Il dramma della siccità nell’Ennese: i sindaci occupano la sede della protezione civile

Una protesta, forse tardiva considerati gli allarmi degli esperti che risalgono a prima dell’estate. Ma necessaria: alcuni territori dell’isola stanno infatti morendo di sete. In senso quasi letterale.

Agrigento, Caltanissetta ed Enna soprattutto ma, in generale, tutto la Sicilia centrale sta pagando la siccità, in termini economici, di salute e sociali. In alcune zone l’acqua viene erogata addirittura ogni sette giorni, rendendo impossibile la vita, il lavoro, i progetti per un futuro che sembra sempre più nero.

Da qui l’eclatante protesta di stamani con l’occupazione della sede della protezione civile da parte dei sindaci di Troina, Cerami, Gagliano e Nicosia, tutti Comuni dell’Ennese. Con loro il deputato del Pd Fabio Venezia.

Hanno le catene ai polsi e chiedendo interventi immediati per i comuni che rischiano di restare senz’acqua per via dell’Ancipa praticamente a secco.

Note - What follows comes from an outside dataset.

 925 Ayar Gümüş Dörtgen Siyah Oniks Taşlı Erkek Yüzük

Tra pochi giorni l’invaso resterà senza acqua lasciando all’asciutto territori completamente dipendenti dall’acqua del lago artificiale. Ed è per questo che è scattata la protesta dei primi cittadini secondo cui Siciliacque dirotterebbe l’oro blu per altri usi, compresi quelli agricoli.

La cabina di regia aveva deliberato che a partire dallo scorso 15 novembre la poca acqua rimasta all’Ancipa doveva andare solo ai comuni della zona nord della provincia di Enna che non avevano fonti alternative».
Il capo della protezione civile Salvo Cocina ha definito «scenografica» l’iniziativa ma i primi cittadini vanno avanti.

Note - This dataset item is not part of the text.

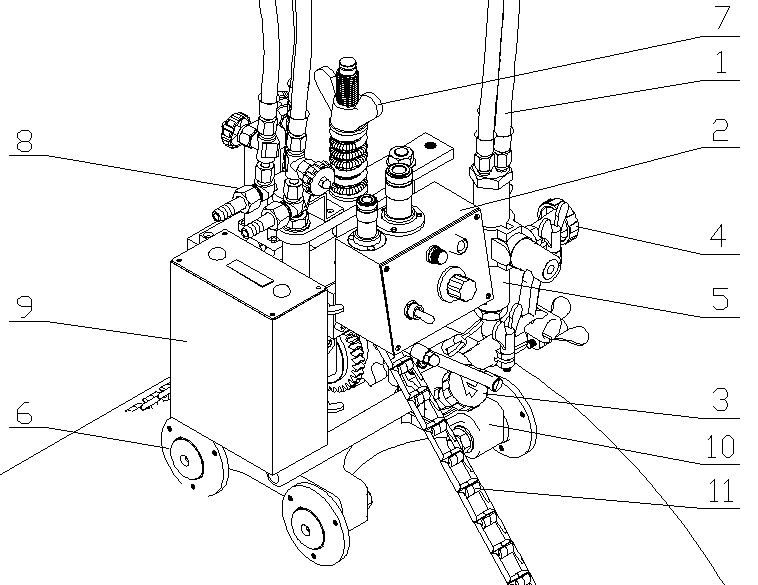 2.電器箱 3.橫向進給旋鈕:改變割炬水平位置 4.割炬升降手輪:調(diào)節(jié)割炬高度。 5.割炬:切割厚度:5~50mm 6.滾輪:通過四只滾輪使機器在管壁平穩(wěn)運行 7.大翼形螺母:擰緊該旋鈕,將逐漸收緊鏈條,可使機器牢固的固定在管子上。 8.氣體分配器:可將氣體分為預(yù)熱氧、快氧、切割氧 9.鋰電池 10.主體部件 11.鏈條:裝置沿導(dǎo)軌方向隨鏈條傳動而運行 |

Secondo i sindaci, che hanno chiesto la convocazione immediata della Cabina di regia, nei loro comuni arriverà acqua per un’altra settimana, mentre dei 120mila metri cubi usciti dall’invaso solo 20- 25 mila sono arrivati nelle case dei cittadini. E si dicono pronti ad occupare, insieme ai cittadini, il potabilizzatore dell’Ancipa.

Una protesta comprensibile, dunque, soprattutto per chi amministra territorio da mesi a secco e attende soluzioni che, però, tardano ad arrivare.

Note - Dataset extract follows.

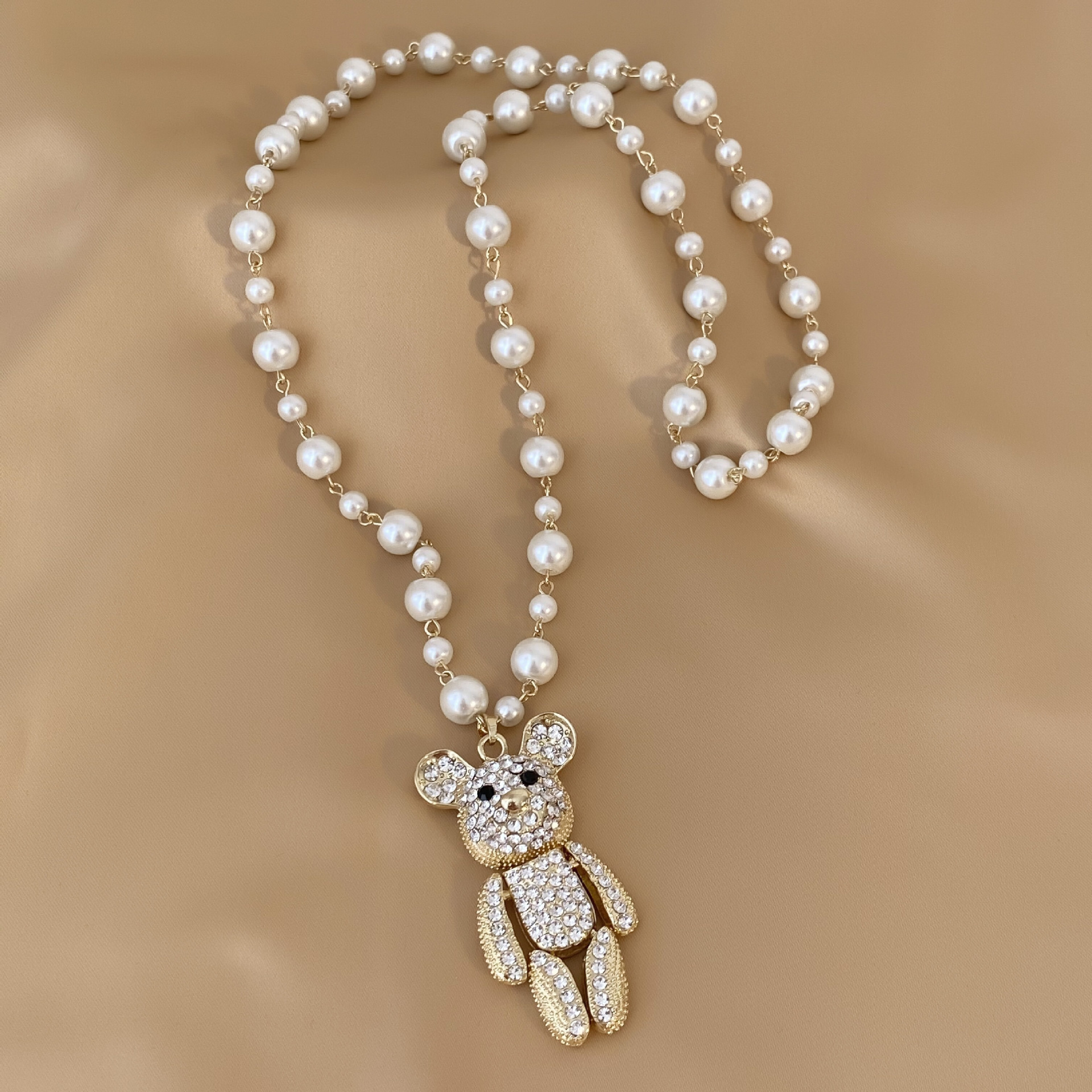 Korean full diamond joint bear pearl necklace Net red cute pendant clothes accessories sweater chain wholesale

Ma resta la questione siccità e il fatto che sull’isola, soprattutto al centro, la desertificazione sembra avanzare senza sosta. L’azione eclatante dei primi cittadini riuscirà, forse, a posticipare il dramma della mancanza di acqua che, se non si corre ai ripari presto, sarà la nuova – triste – normalità. A quel punto, qualsiasi forma di protesta sarebbe inutile.